* **The records**

[Start of section]

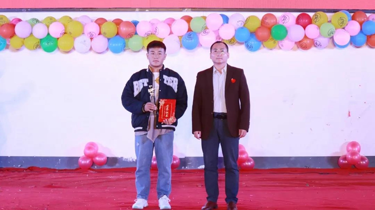 彭高彬副校長(zhǎng)為榮獲冠軍的索朗倫珠同學(xué)頒獎(jiǎng)
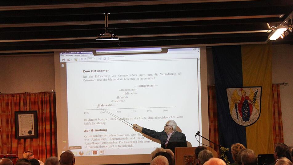 Unerwartet war das Geschenk von Heidrun Piwernetz, denn sie informierte das Gremium, dass sich die Kofinanzierung des Freistaats Bayern für den Breitbandausbau verdoppeln werde. Das bedeutet für Heiligenstaat zusätzliche Mittel in Höhe von 900.000 Euro. Günther Denzler schwärmte von der wunderbaren Lage der Marktgemeinde Heiligenstadt und gab zu, dass er oft "die hervorragende Gastronomie" genieße. Der Heimatpfleger des Bezirks, Günter Dippold, meinte in seinem Vortrag, dass die Nürnberger 1503 Heiligenstadt als "ain gros dorf" bezeichneten und trug vor: "Aber es war mehr. Es war Sitz einer ausgedehnten Pfarrei, und es hatte in seiner gewerblichen Struktur Bedeutung fürs Umland." Das Publikum war begeistert von seinem Vortrag, der vom Streit der Ritter von Streitberg handelte oder den zusätzlichen Schutzgeldern, die jüdische Bewohner zu entrichten hatten. Am Ende genossen die geladenen Gäste ein Buffet und tauschten sich aus.
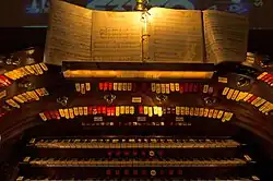 The theater features a unit orchestra (a pipe organ which includes numerous features and instruments, meant to be able to replicate sounds of a full orchestra with only one organist), which was manufactured by the Robert Morton Organ Company of Van Nuys, California and installed in 1928. The organ was to be used to accompany silent films. Around the same time the organ was to be installed, movies were beginning to include sound. The theater tried to cancel the order but the organ was installed anyway. The organ has 14 ranks built with 1,035 pipes and a four-manual console with 720 keys, pedals and combination pistons. The organ was used primarily for motion pictures until 1973. Because of the cost of paying orchestra members, most accompanying orchestras were replaced with unit orchestras.[3]
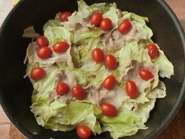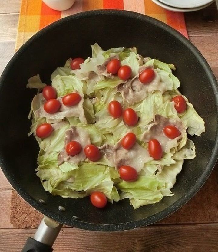 3.残りのキャベツと豚肉を乗せ、プチトマトを散らします。水を大さじ1(分量外)を入れて蓋をし、中火で10分蒸します。
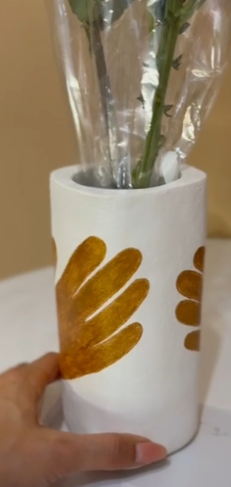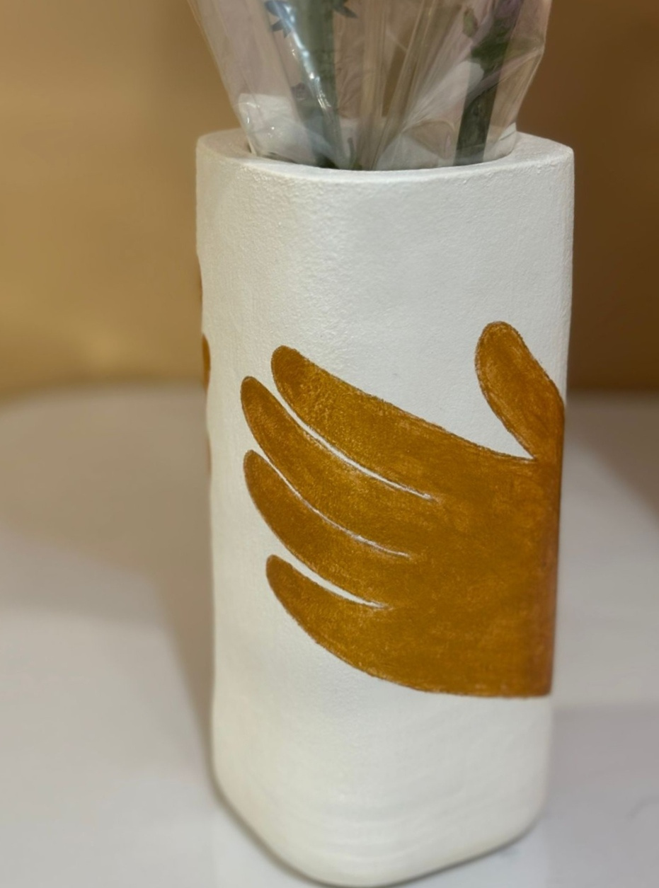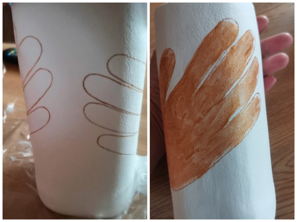 Пришла идея срисовать ладошки внучки и перенести на вазу-будто её руки держат
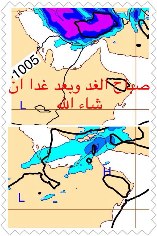 فرص تأثر أجواء شمال السلطنة بحالة من عدم الإستقرار النسبي تتسبب في أمطار متفرقة رعدية أحيانا على مسندم وشمال الباطنة والبريمي غداً بإذن الله
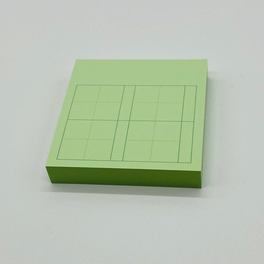 22mm角のマス目の他に読み仮名枠をそれぞれ4つずつ印刷しているフセン。第32回日本文具大賞を受賞。
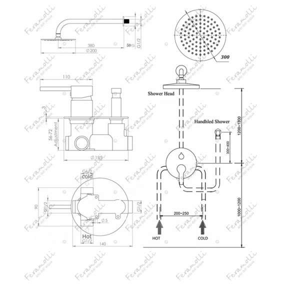 Душевой комплект 300 мм Feramolli Ele GL701-12
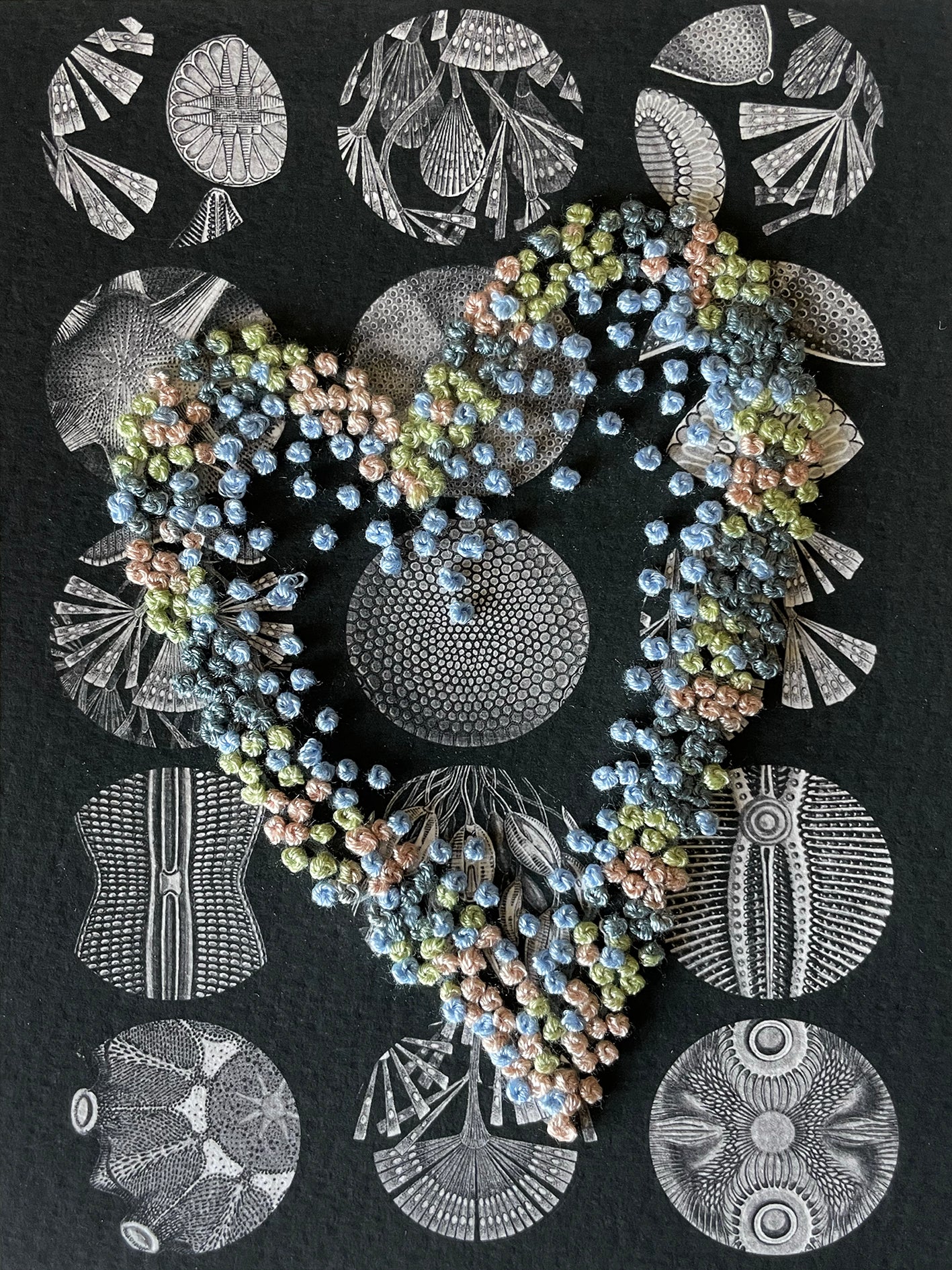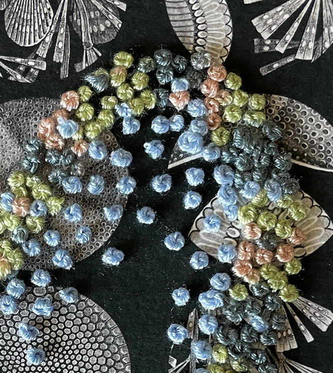 Lithograph printed on 320 G cotton paper embroidered with silk thread.
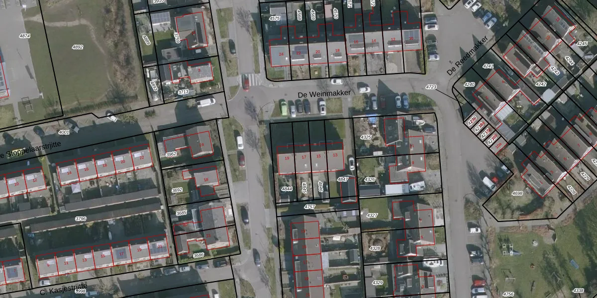 De Weinmakker 17 is gelegen op kadastraal perceel WRG04A4845. Deze kadastrale aanduiding is uniek en wordt gebruikt door het Kadaster om eigendomsrechten en andere zakelijke rechten vast te leggen. Het perceel maakt onderdeel uit van de kadastrale gemeente Warrega.
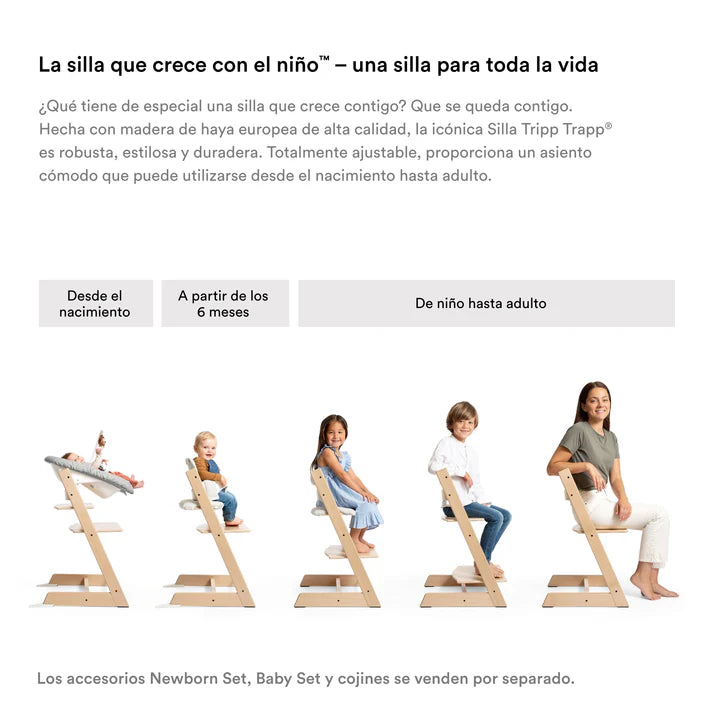 Asimismo, la silla Tripp Trapp permite que tu bebé comparta las comidas y se sienta más cerca de la familia. Los accesorios como el Baby Set y el cojín proporcionan una mayor comodidad para tu pequeño. Además, la silla de comer para bebés cuente con posiciones ajustables tanto en el asiento como en el reposapiés.
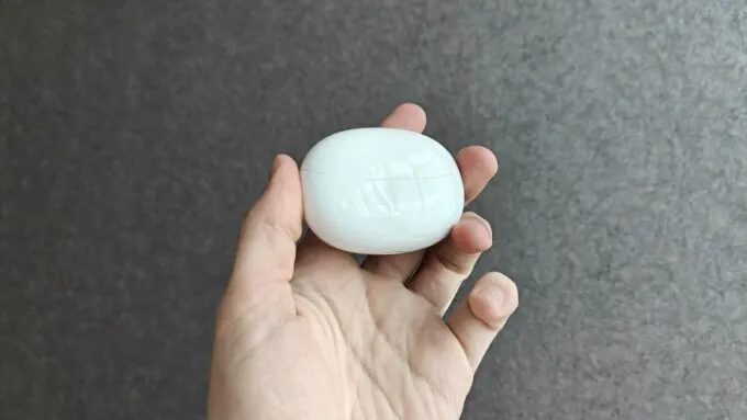 Теперь поговорим о другой гарнитуре. Ugreen HiTune T3 Pro отличаются конструкцией и наличием более продвинутых опций. У них округлый кейс-«мыльница» и резиновые амбушюры, с которыми можно заниматься активным спортом и не беспокоиться, что слушать музыку помешают посторонние звуки. О выпадении наушников речи тоже нет, мы проверили это во время очень интенсивного кардио.

[End of section]

* **Exercise objective**
All that is needed is the exact run of lines from the start of the material above through the one containing "Unerwartet war das", pictures left out.

* **Solution for this exercise**
 彭高彬副校長(zhǎng)為榮獲冠軍的索朗倫珠同學(xué)頒獎(jiǎng)
 Unerwartet war das Geschenk von Heidrun Piwernetz, denn sie informierte das Gremium, dass sich die Kofinanzierung des Freistaats Bayern für den Breitbandausbau verdoppeln werde. Das bedeutet für Heiligenstaat zusätzliche Mittel in Höhe von 900.000 Euro. Günther Denzler schwärmte von der wunderbaren Lage der Marktgemeinde Heiligenstadt und gab zu, dass er oft "die hervorragende Gastronomie" genieße. Der Heimatpfleger des Bezirks, Günter Dippold, meinte in seinem Vortrag, dass die Nürnberger 1503 Heiligenstadt als "ain gros dorf" bezeichneten und trug vor: "Aber es war mehr. Es war Sitz einer ausgedehnten Pfarrei, und es hatte in seiner gewerblichen Struktur Bedeutung fürs Umland." Das Publikum war begeistert von seinem Vortrag, der vom Streit der Ritter von Streitberg handelte oder den zusätzlichen Schutzgeldern, die jüdische Bewohner zu entrichten hatten. Am Ende genossen die geladenen Gäste ein Buffet und tauschten sich aus.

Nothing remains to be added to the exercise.